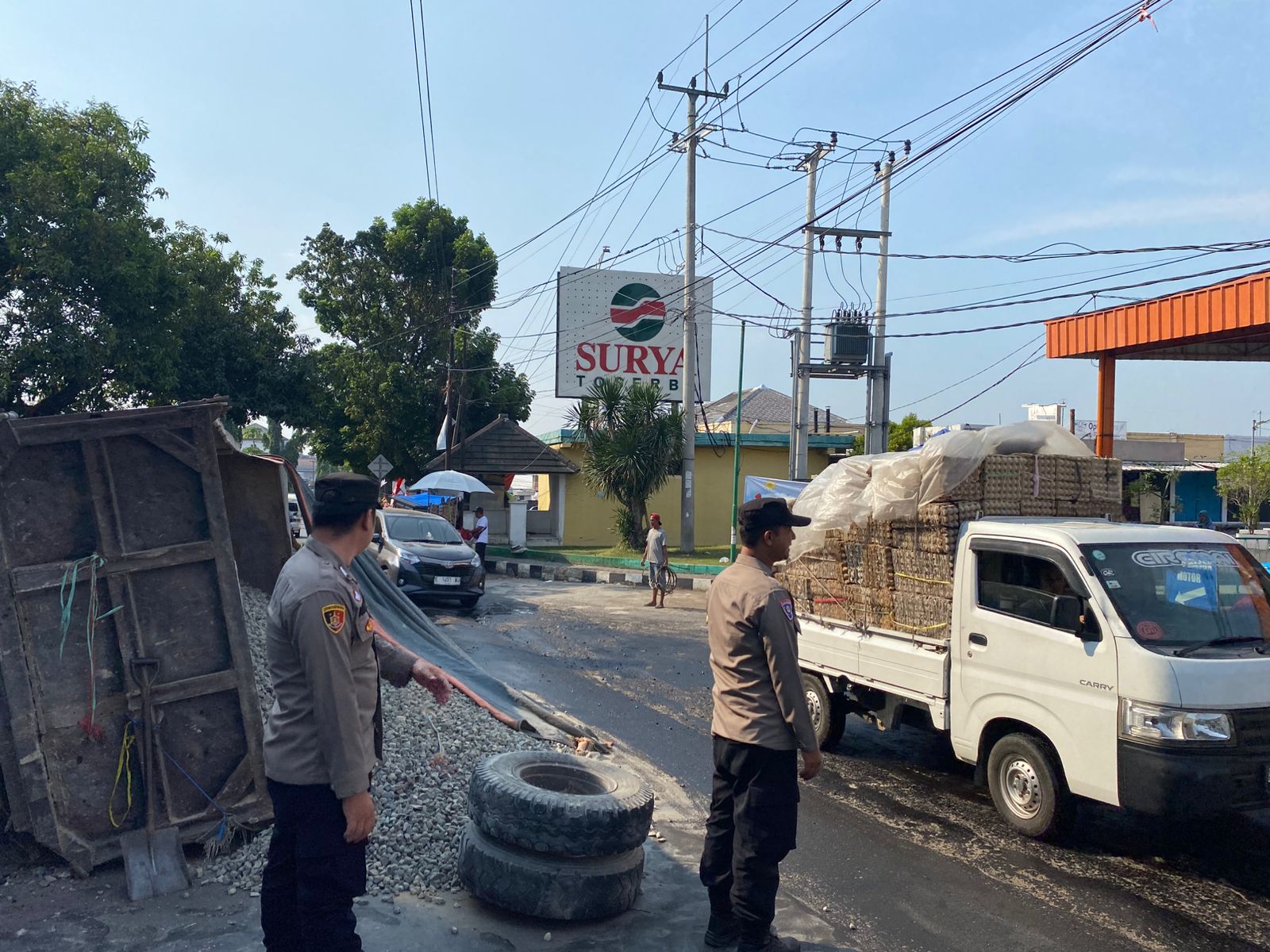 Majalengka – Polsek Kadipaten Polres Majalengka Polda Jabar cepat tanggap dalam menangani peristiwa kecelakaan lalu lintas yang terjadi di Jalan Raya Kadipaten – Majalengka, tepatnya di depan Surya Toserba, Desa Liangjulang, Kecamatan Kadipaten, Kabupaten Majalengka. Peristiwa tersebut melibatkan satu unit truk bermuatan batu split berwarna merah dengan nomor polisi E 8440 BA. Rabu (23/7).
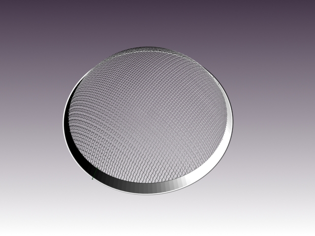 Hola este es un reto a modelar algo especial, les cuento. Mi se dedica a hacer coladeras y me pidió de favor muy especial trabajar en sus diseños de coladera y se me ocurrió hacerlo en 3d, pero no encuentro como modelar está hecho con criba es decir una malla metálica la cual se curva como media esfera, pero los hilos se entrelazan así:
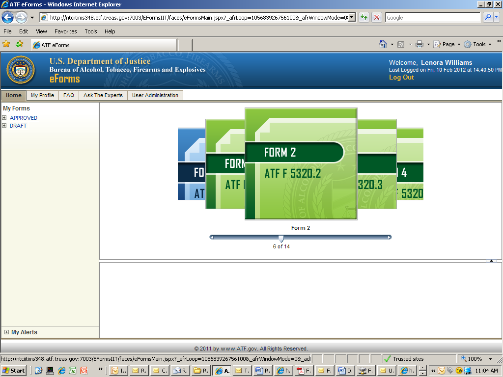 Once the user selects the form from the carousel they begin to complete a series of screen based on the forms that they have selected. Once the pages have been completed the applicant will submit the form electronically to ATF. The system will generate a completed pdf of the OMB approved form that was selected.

_Task prompt_
Write the data out again exactly, but without its images.

_Response box_
 Majalengka – Polsek Kadipaten Polres Majalengka Polda Jabar cepat tanggap dalam menangani peristiwa kecelakaan lalu lintas yang terjadi di Jalan Raya Kadipaten – Majalengka, tepatnya di depan Surya Toserba, Desa Liangjulang, Kecamatan Kadipaten, Kabupaten Majalengka. Peristiwa tersebut melibatkan satu unit truk bermuatan batu split berwarna merah dengan nomor polisi E 8440 BA. Rabu (23/7).
 Hola este es un reto a modelar algo especial, les cuento. Mi se dedica a hacer coladeras y me pidió de favor muy especial trabajar en sus diseños de coladera y se me ocurrió hacerlo en 3d, pero no encuentro como modelar está hecho con criba es decir una malla metálica la cual se curva como media esfera, pero los hilos se entrelazan así:
 Once the user selects the form from the carousel they begin to complete a series of screen based on the forms that they have selected. Once the pages have been completed the applicant will submit the form electronically to ATF. The system will generate a completed pdf of the OMB approved form that was selected.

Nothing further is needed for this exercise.